Ingles2, do you have to be the adult who copes? Could you tell your dh that it's all a bit much, and maybe cut back on something? Eg. Seeing the pil quite so much.
Your family life does sound hard atm. And the money stuff must be a big pressure.
In the long run, it will be fine. My pil live in Europe, one for a lot of the year, one for pretty much all of it. It has its advantages, especially as the dc grow up. Lots of holidays. And they increasingly talk about us sending the dc over, without us!! Though I'm not ready for that yet!
It must be a shock. I suspect my dh sometimes feels a little abandoned, even now. Even though it is irrational.
My parents live in England, but not close. Though they are helping massively atm with holidays. Mind you, that wasn't the case when the dc were small (though that was my choice, too).
They do love you. (Trite thing to say, but they do.) And they must know you're finding it tough. I'm guessing your mum in particular has been longing to do this for years. And it's wonderful she's doing it.

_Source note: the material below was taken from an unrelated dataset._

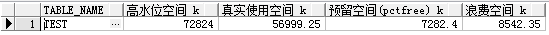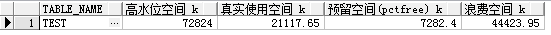 SELECT table_name, ROUND ((blocks * 8), 2) "高水位空间 k",ROUND ((num_rows * avg_row_len 1024), 2) "真实使用空间 k",ROUND ((blocks * 10 100) * 8, 2) "预留空间(pctfree) k",ROUND (( blocks * 8- (num_rows * avg_row_len 1024)- blocks * 8 * 10 100),2) "浪费空间 k"FROM dba_tablesWHERE table_name = 'TEST';

Imagine the guilt if she was sitting at your kitchen table, ten years hence, weeping that she had lost her life's horizons in some dream of subservience to her dc. You'd hate that. And it would make your heart shrink with fear at the prospect of your own future.
On the plus side, your parents clearly look at you, and see a woman who can deal with stuff, and that they've raised to be strong and independent, and capable of loving and raising her own dc.
Which, clearly, can have its downsides but ... at the same time, is a compliment.